Personal Injury Lawyers in Manassas – Helicopter Pilot Killed While Crop Dusting Farm

A Carluzzo Rochkind & Smith note:   Following is an excellent article by Virginia Lawyers Weekly.  We did not handle this case, but it brings up important points your personal injury lawyers should be familiar with. For more than 30 years our personal injury lawyers in Manassas have helped clients with such matters in Prince William County, Fairfax County, Woodbridge, and throughout Northern Virginia. If you have any questions or would like to schedule an appointment, please contact our law firm at (703) 361-0776.

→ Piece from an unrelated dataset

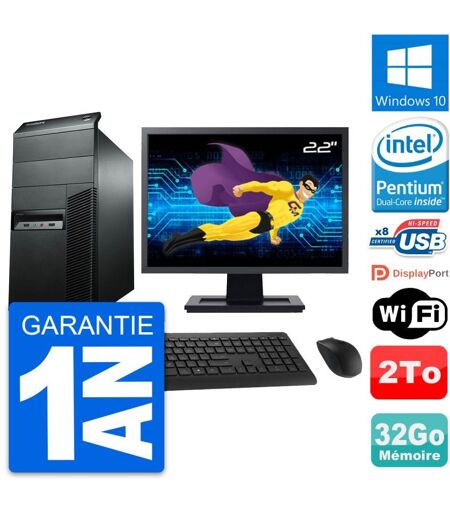 PC Tour Lenovo M92p Ecran 22" Pentium G2020 RAM 32Go Disque 2To Windows 10 Wifi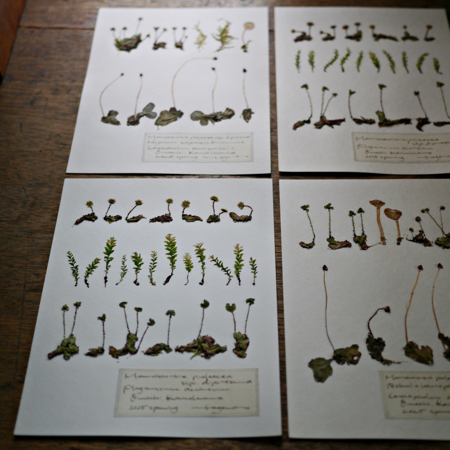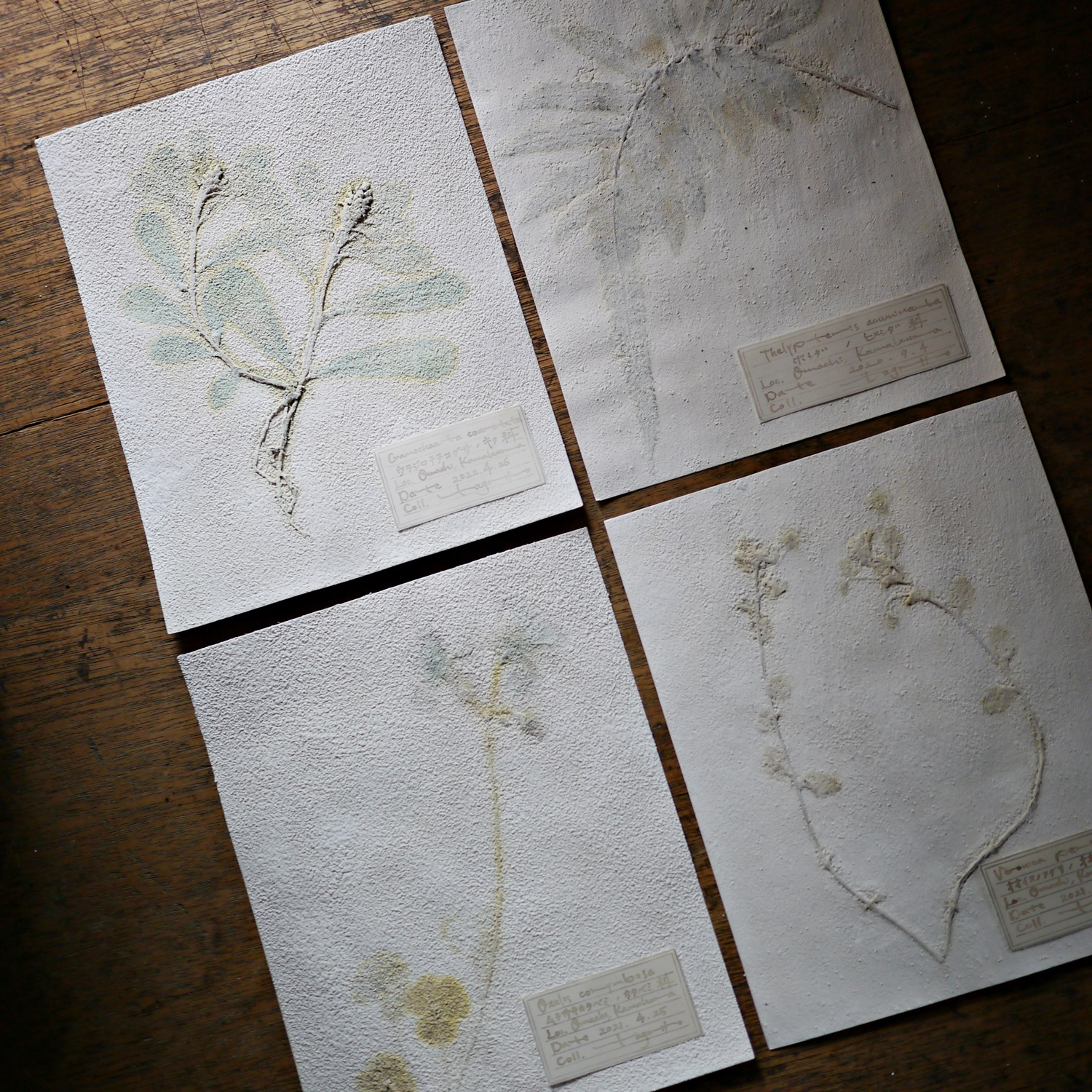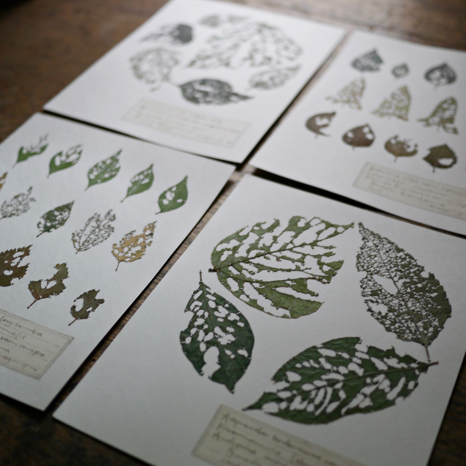 今回は雑草、シダ、コケの標本、虫食葉標本のほか、初期の標本に卵殻などで作った顔料を塗った化石化標本や、植物の欠片を用いた小作品も用意しています。

Helicopter pilot killed while crop dusting farm

By Virginia Lawyers Weekly – 7/21/2025

Where a crop dusting pilot was killed when his helicopter collided with a low-hanging steel wire, a jury must decide whether the farm owner, renters or a crop consultant had a duty to warn the pilot or whether the pilot was contributorily negligent.

Background
Eugene Kritter was an experienced helicopter pilot who owned and operated a crop dusting company, Kritter Cropdusting. While crop dusting over a farm in North Carolina, his helicopter collided with a low-hanging steel wire. Kritter was killed in the resulting crash. Kritter Cropdusting and Kritter’s estate brought this negligence case against the owners and operators of the farm and, as well as Nutrien Ag Solutions Inc., the pesticide company that retained Kritter Cropdusting, and its consultant, Jordan Elmore.

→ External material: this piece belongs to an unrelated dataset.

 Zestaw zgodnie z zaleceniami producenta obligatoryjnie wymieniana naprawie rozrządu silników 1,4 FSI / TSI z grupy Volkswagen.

The district court held that Murry Rayborn Daw and Daw Farms Inc., who leased Rayborn’s land, owed no duty of care to remove or modify the dove wire or to warn Kritter of its existence. It also concluded that neither Nutrien nor Elmore owed Kritter a duty of care under any theory of liability.

Premises liability
Rayborn and Daw Farms contend that as farmers, not helicopter pilots, they could not reasonably have foreseen the hazard that a dove wire would pose to Kritter in flying his helicopter above their property. Accordingly, they argue they had no legal duty to make the property safe or to warn Kritter about the wire.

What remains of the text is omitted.